Single by Creeper

from the album The Stranger
- Released: 11 January 2016
- Genre: Horror punk
- Length: 2:21
- Label: Roadrunner
- Songwriters: Will Gould; Ian Miles;
- Producer: Neil Kennedy

Creeper singles chronology
| "The Honeymoon Suite" (2015) | "Black Mass" (2016) | "Suzanne" (2016) |

= Black Mass (song) =

"Black Mass" is a song by English rock band Creeper. Written by the group's lead vocalist Will Gould and guitarist and backing vocalist Ian Miles, it was produced by Neil Kennedy and featured on the band's 2016 third extended play (EP) The Stranger. The song was released as the only single from the EP on 11 January 2016, and as the first of two music videos on 28 January.

==Composition and lyrics==
According to Creeper's lead vocalist Will Gould, the lyrics of "Black Mass" were written "from the perspective of the character of The Stranger, the heartbroken monster who is the EP's namesake. They're partly inspired by recounts of sleep paralysis, where sufferers describe seeing a 'black matter' or 'black mass' haunting them in their rooms at night, while they lie paralysed in bed." The song draws from a number of inspirations, including punk rock band Jawbreaker (on the verses), singer Elvis Presley (in the middle eight) and record producer Jim Steinman (on the chorus), all of which the band's frontman described as "on purpose and very intentional ... a pastiche, a wink and a nod to the listener".
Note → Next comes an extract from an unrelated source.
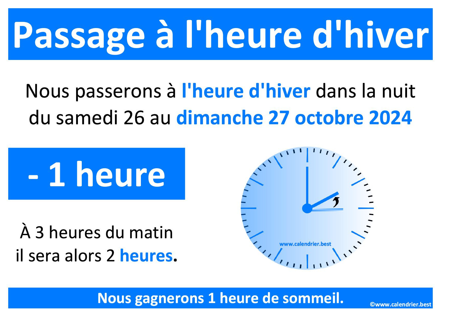 Le passage à l’heure d’hiver se fera dans la nuit du samedi 26 au dimanche 27 Octobre 2024 : on recule d’une heure, ainsi à 3h00 du matin, il sera donc 2h00 ! Cette heure nocturne supplémentaire fera le bonheur des « gros dormeurs » !

Ali Shutler of Upset magazine described "Black Mass" as one of the fastest songs released by Creeper to date, noting a "rhythmic, frantic dance" pace in the intro and "the hurried yell of, 'Hey!'" which "sees the track kick in proper". In a review of the song for DIY, Tom Connick described "Black Mass" as a mix between "fist-aloft punk-rock and ballroom blitz", comparing its style to that of singer Meat Loaf and punk band Misfits. Shutler continued by claiming that, despite its fast pace and short running length, the track has "plenty of room for those big band theatrics", including Gould "channeling his inner-crooner".

==Promotion and release==
"Black Mass" was premiered on the BBC Radio 1 Rock Show with Daniel P. Carter on 10 January 2016 as the day's "Rockest Record", before its single release the following day. The music video for the track followed on 28 January. Directed by Jamie Carter, the video was filmed in the band's hometown of Southampton at a rehearsal space in which Gould and others used to practise. Gould described the choice of location for the filming of the video as "really nice ... as it gave the video a quiet sense of continuity".

The music video for "Black Mass" combines footage of the band performing with "glimpses of [The Stranger]", the titular subject of the band's 2016 EP on which the song is featured. Gould outlined the concept of the video as "a dream that our EP's cover character named Madeline is experiencing. She's in the middle of an episode of sleep psychosis with the band performing to her in her dream. She awakes to find herself in her bedroom." He went on to describe the band's part in the video as "performing in a dream world".

==Critical reception==
Media response to "Black Mass" was positive. Upset magazine's Ali Shutler claimed that the song is "made for massive rooms", while still being "just as unifying, emotional and powerful as anything [the band have] put their name to yet". Tom Connick of DIY magazine praised the song for showcasing The Stranger, which he claimed was the band's "most triumphant step ... yet", while Rock Sound writer Andy Biddulph hailed the track as "a goth-punk dream" and "just wonderful". The song was Q magazine's Track of the Day on 6 February 2016, and was also featured in the Kerrang! Best Songs of 2016 So Far" feature in June 2016, with writer George Garner praising it as "a supernatural goth-punk stalker with a bassline to kill for".